(Beginning of Given data)
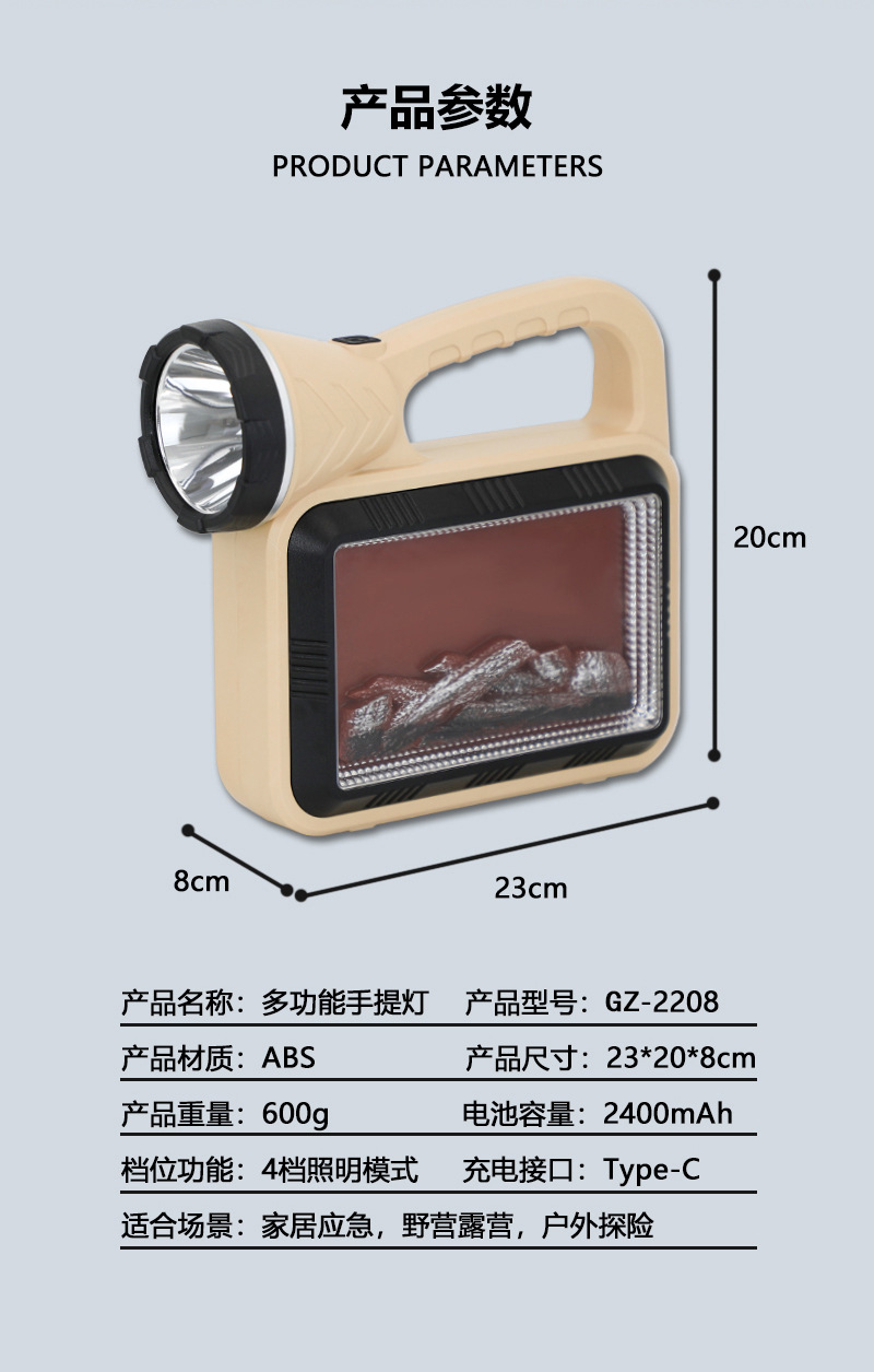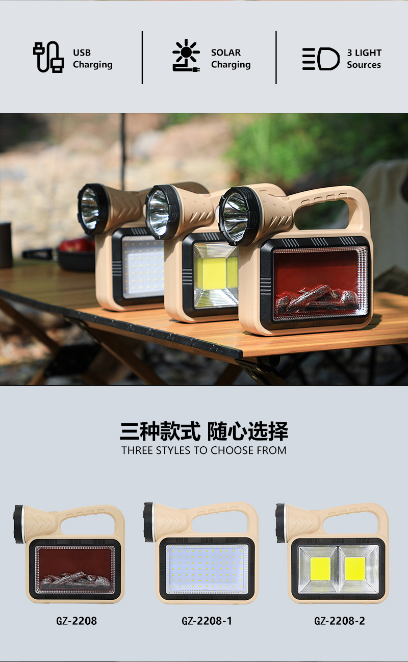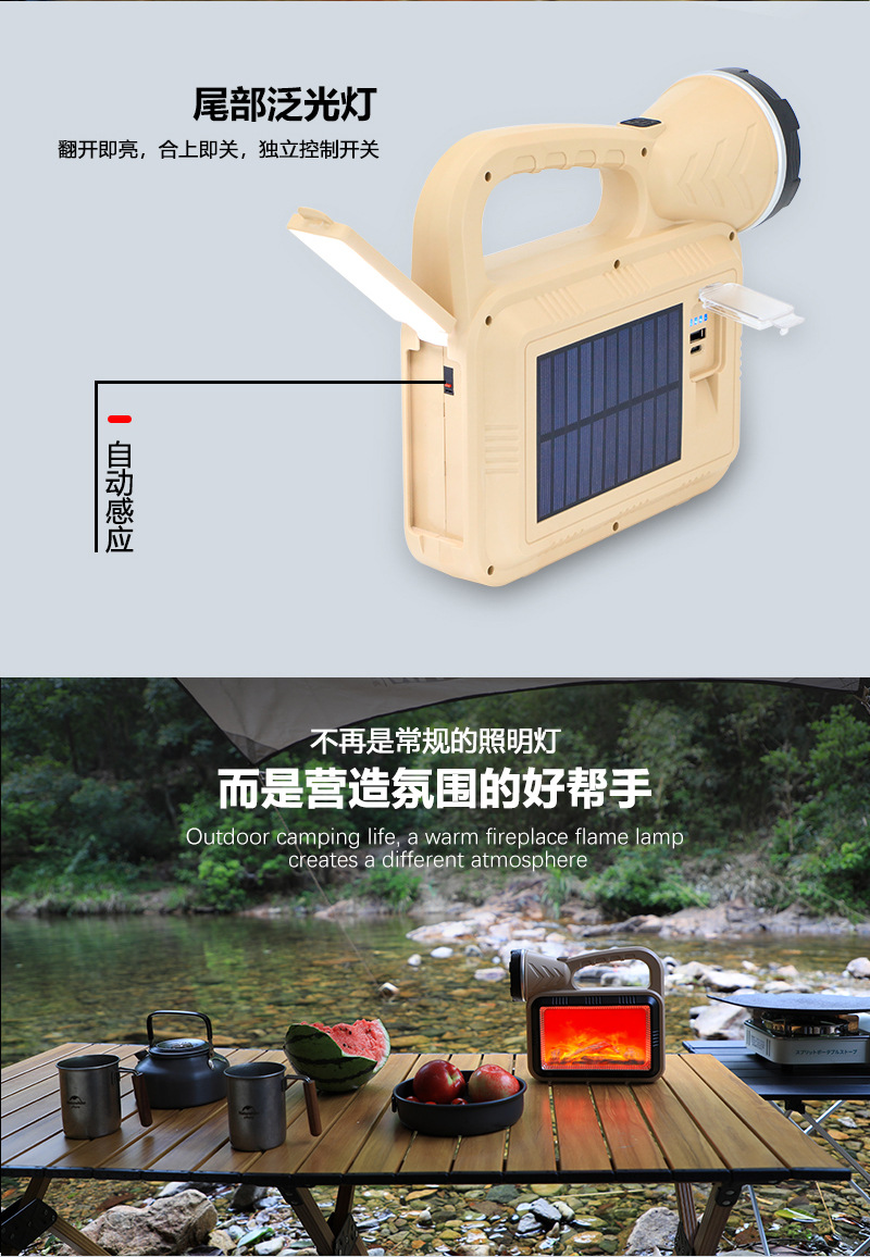 Transfronterizo nueva luz de trabajo multifuncional luz de carga LED brillante con luz de atmósfera de llama Luz de herramienta de luz fuerte portátil
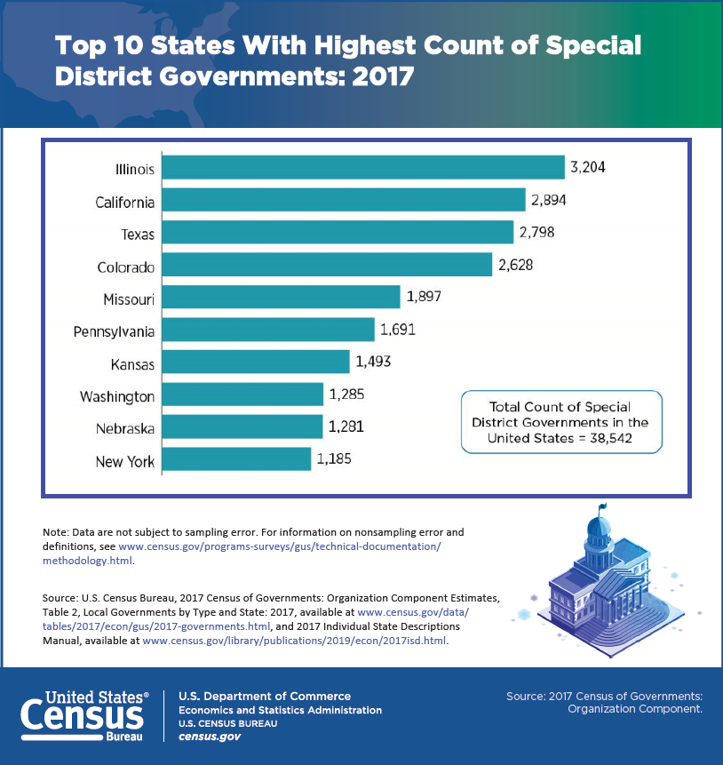 Top 10 States With Highest Count of Special District Governments: 2017
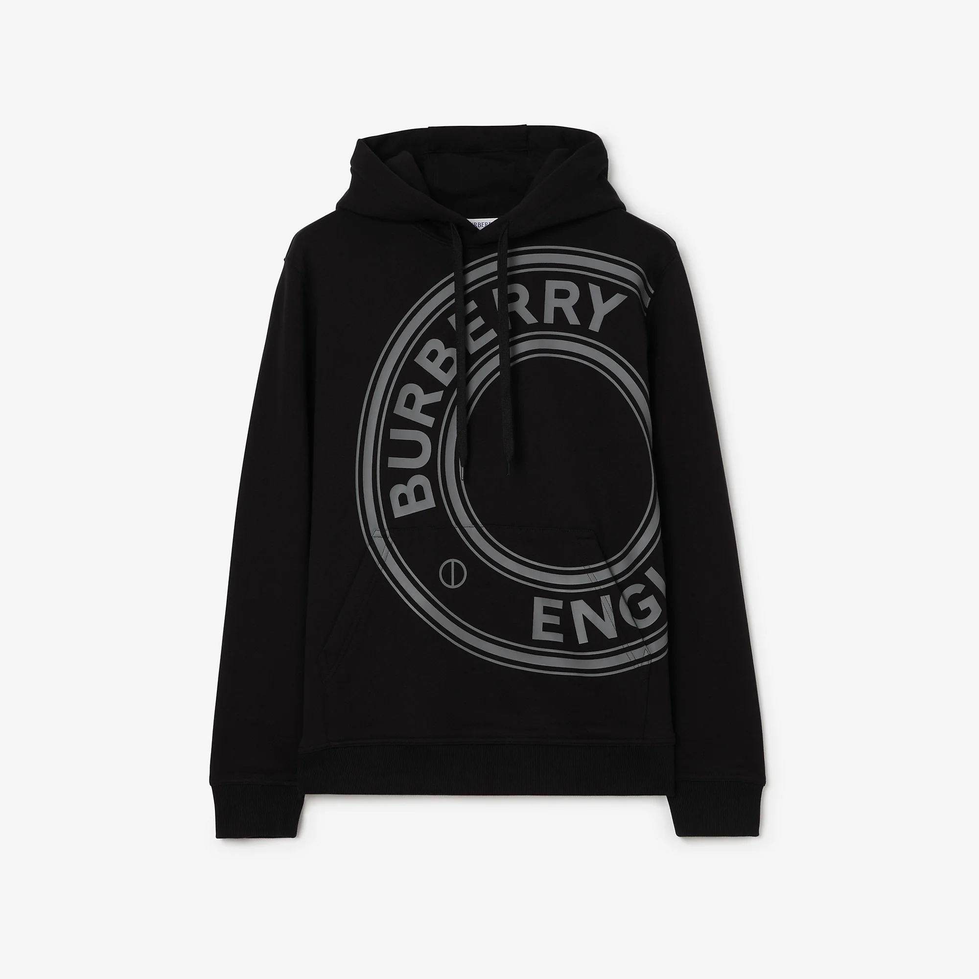 Product Details A cotton hoodie printed with our logo graphic. - Drawcord hood - Pouch pockets - Rib-knit trims - Printed Burberry lettering at front - Machine wash - Item 81209621 Size & Fit - Length: 71cm/28in (size UK L) Fabric & Care - 100% cotton - Trim: 97% cotton, 3% elastane - Imported
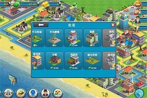 2、采用卡通的画面设计,为玩家的城市建造之旅带来休闲的感觉。
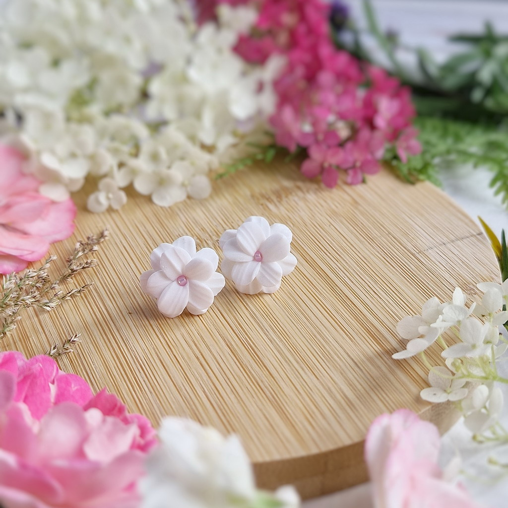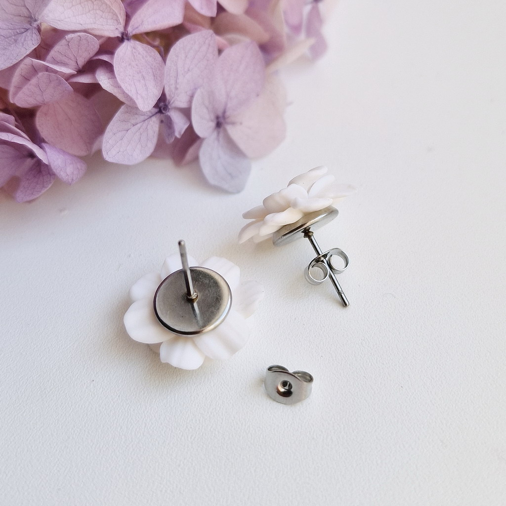 Půvabné, elegantní, ručně vyrobené náušnice s bílými květy pro romantický a něžný vzhled.
(End of Given data)
:: Task directions ::
Give back all of the data exactly, but not the pictures.

:: Solution below ::
 Transfronterizo nueva luz de trabajo multifuncional luz de carga LED brillante con luz de atmósfera de llama Luz de herramienta de luz fuerte portátil
 Top 10 States With Highest Count of Special District Governments: 2017
 Product Details A cotton hoodie printed with our logo graphic. - Drawcord hood - Pouch pockets - Rib-knit trims - Printed Burberry lettering at front - Machine wash - Item 81209621 Size & Fit - Length: 71cm/28in (size UK L) Fabric & Care - 100% cotton - Trim: 97% cotton, 3% elastane - Imported
 2、采用卡通的画面设计,为玩家的城市建造之旅带来休闲的感觉。
 Půvabné, elegantní, ručně vyrobené náušnice s bílými květy pro romantický a něžný vzhled.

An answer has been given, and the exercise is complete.